Data excerpts

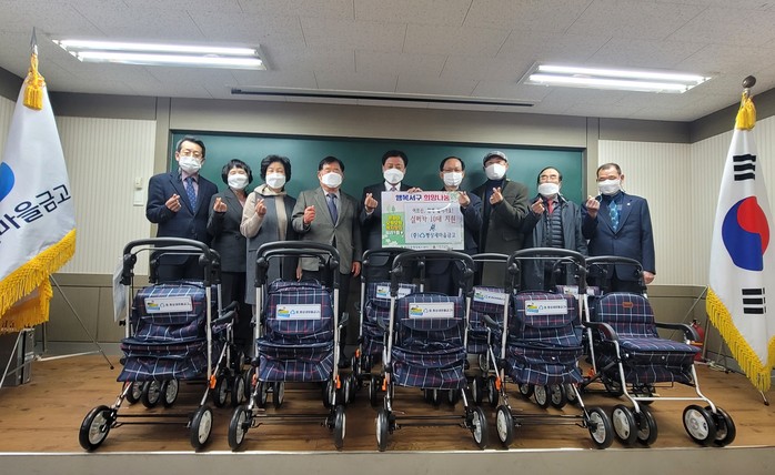 [로컬세계 박세환 기자]대구시 서구 평리동 소재 평상새마을금고(이사장 장기덕)에서는 지난 21일 새마을금고 2층 회의실에서 거동이 불편해 외부 활동이 어려운 홀몸어르신에게 ‘손과 발이 되어주는 사랑의 실버카 전달식’을 가졌다.
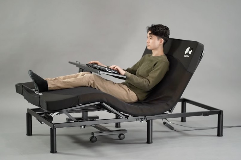 Il “gaming bed” ha un solo scopo: aiutare i gamer più hardcore a evitare ogni minima attività fisica. La struttura include un carrello per vivande, diversi ripiani, portabevande per le tazze di caffè e per i beveroni tiepidi ad alto contenuto di taurina e persino un braccio mobile per tenere lo smartphone il più vicino possibile agli occhi mentre si è coricati.
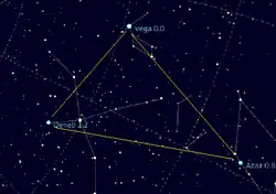 Vega danner sammen med stjernerne Deneb i Svanen og Altair i Ørnen et meget let genkendeligt stjerne-mønster kaldet Sommertrekanten, ikke at forveksle med et stjernebillede.
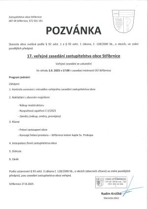 Starosta obce Stříbrnice svolává 18. VZO Stříbrnice na středu 22.10.2025 v 17:00 hodin v zasedací místnosti OÚ Stříbrnice. Program jednání je zveřejněn na úřední desce obce.
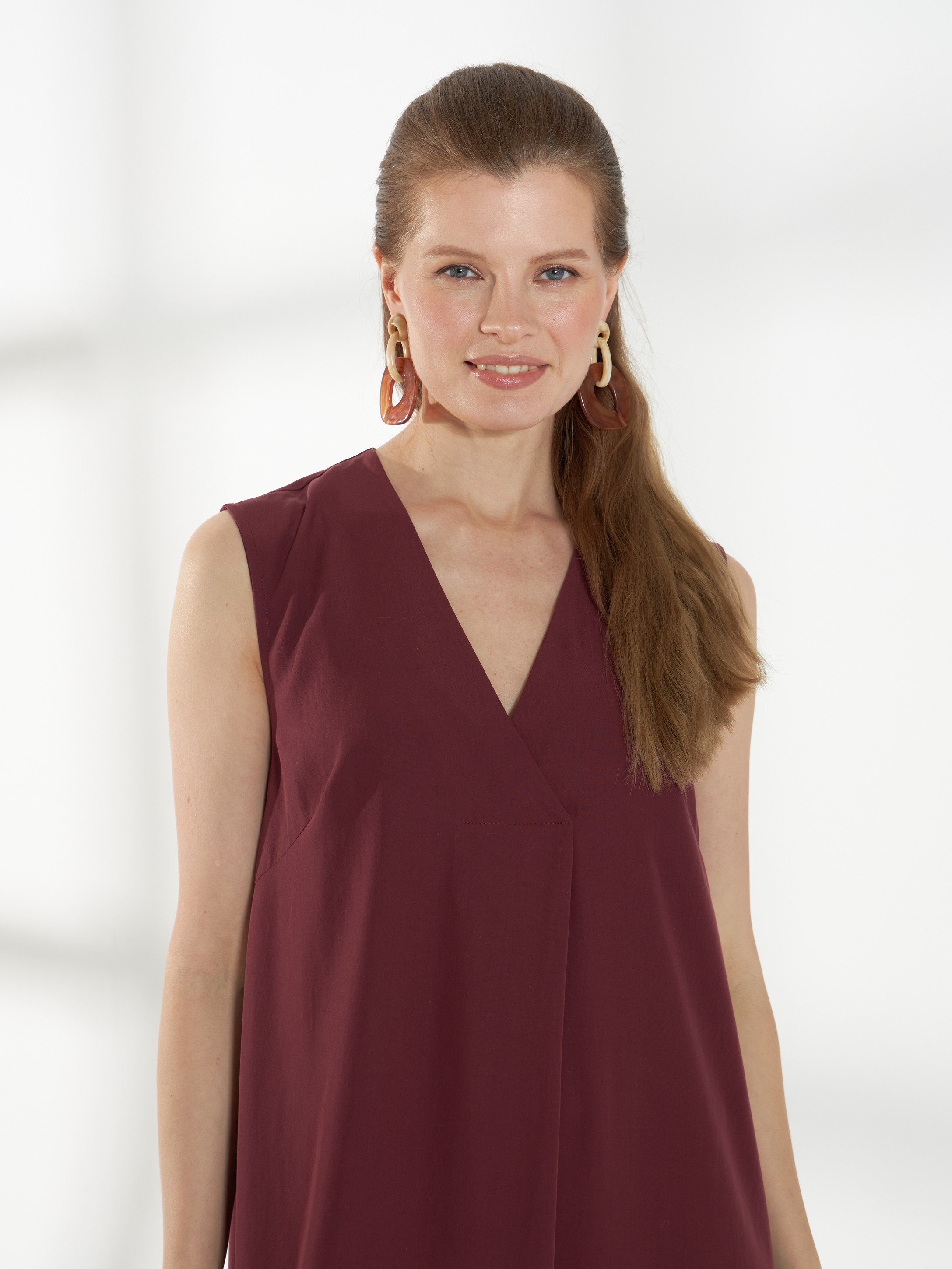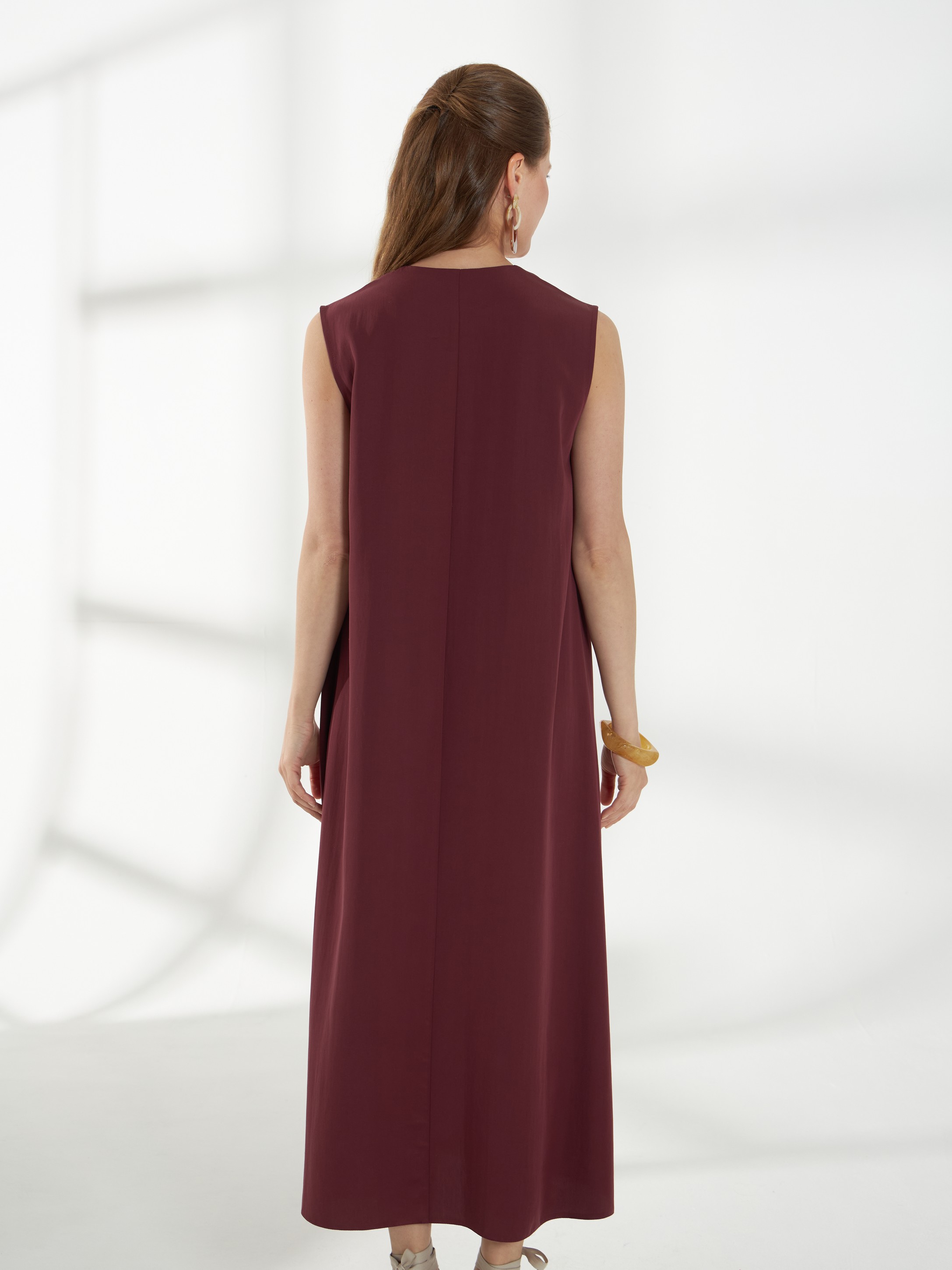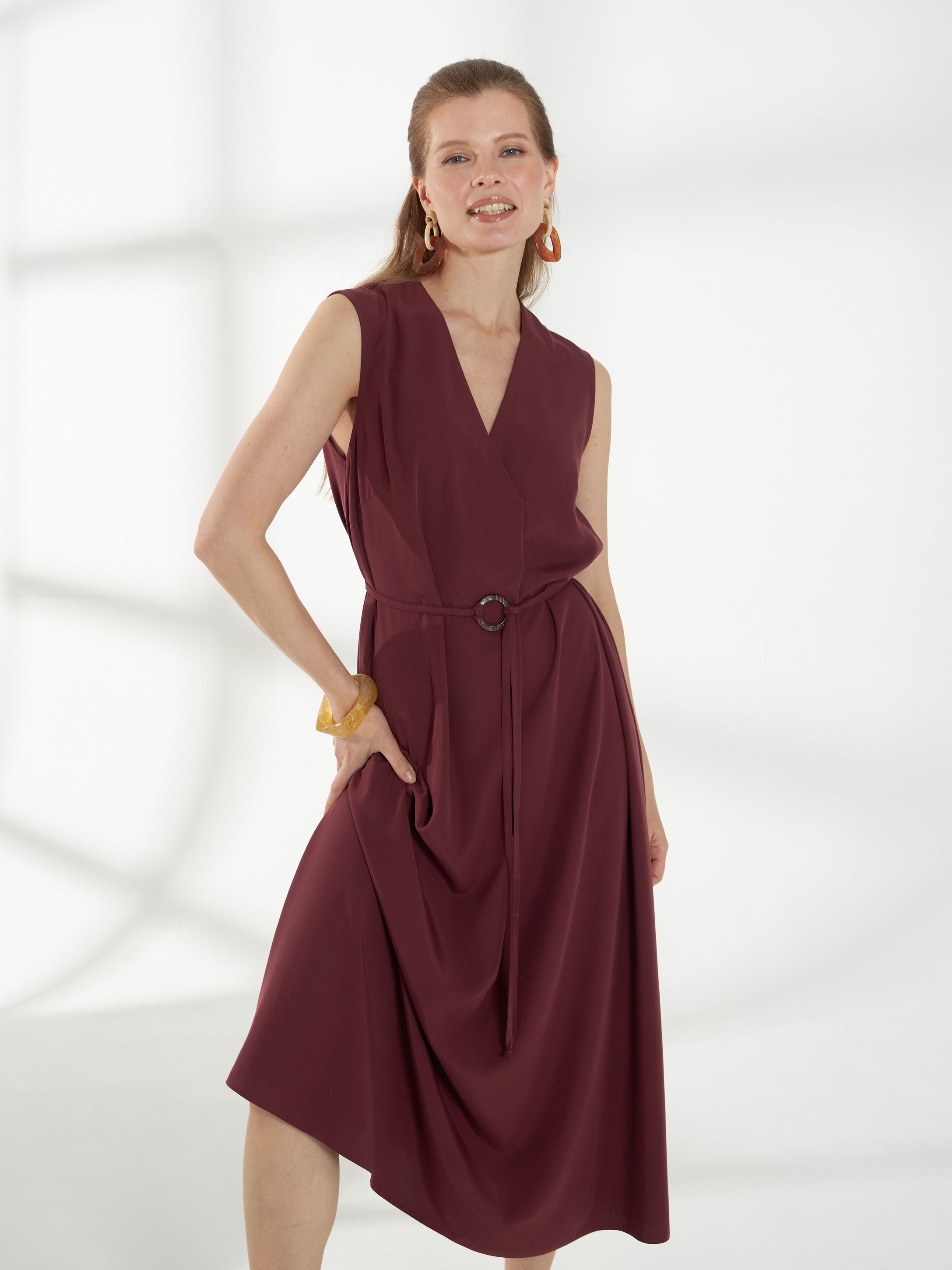 Легкое платье свободного силуэта, без рукавов, с плавным расклешением книзу и широкой складкой, исходящей от нижней точки V-образной горловины. Тонкий пояс-шнурок с пряжкой-кольцом позволяет регулировать посадку по талии, а мягкая шелковистая ткань из вискозного тенселя свободно струится и дышит. Платье выполнено в ягодном оттенке, который придаёт образу тепло и глубину.
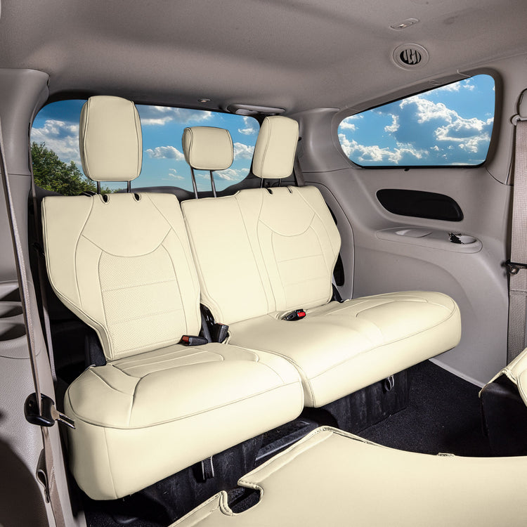 Chrysler Pacifica - 2017 - 2024 - 3rd Row Set Seat Covers - Beige Faux Leather
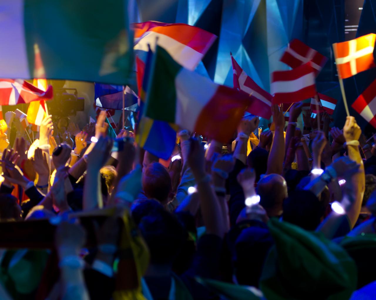 Обои Фанаты Евровидения с флажками

PROBLEM STATEMENT
What you return must match each record exactly and contain no images.

EXERCISE ANSWER
 [로컬세계 박세환 기자]대구시 서구 평리동 소재 평상새마을금고(이사장 장기덕)에서는 지난 21일 새마을금고 2층 회의실에서 거동이 불편해 외부 활동이 어려운 홀몸어르신에게 ‘손과 발이 되어주는 사랑의 실버카 전달식’을 가졌다.
 Il “gaming bed” ha un solo scopo: aiutare i gamer più hardcore a evitare ogni minima attività fisica. La struttura include un carrello per vivande, diversi ripiani, portabevande per le tazze di caffè e per i beveroni tiepidi ad alto contenuto di taurina e persino un braccio mobile per tenere lo smartphone il più vicino possibile agli occhi mentre si è coricati.
 Vega danner sammen med stjernerne Deneb i Svanen og Altair i Ørnen et meget let genkendeligt stjerne-mønster kaldet Sommertrekanten, ikke at forveksle med et stjernebillede.
 Starosta obce Stříbrnice svolává 18. VZO Stříbrnice na středu 22.10.2025 v 17:00 hodin v zasedací místnosti OÚ Stříbrnice. Program jednání je zveřejněn na úřední desce obce.
 Легкое платье свободного силуэта, без рукавов, с плавным расклешением книзу и широкой складкой, исходящей от нижней точки V-образной горловины. Тонкий пояс-шнурок с пряжкой-кольцом позволяет регулировать посадку по талии, а мягкая шелковистая ткань из вискозного тенселя свободно струится и дышит. Платье выполнено в ягодном оттенке, который придаёт образу тепло и глубину.
 Chrysler Pacifica - 2017 - 2024 - 3rd Row Set Seat Covers - Beige Faux Leather
 Обои Фанаты Евровидения с флажками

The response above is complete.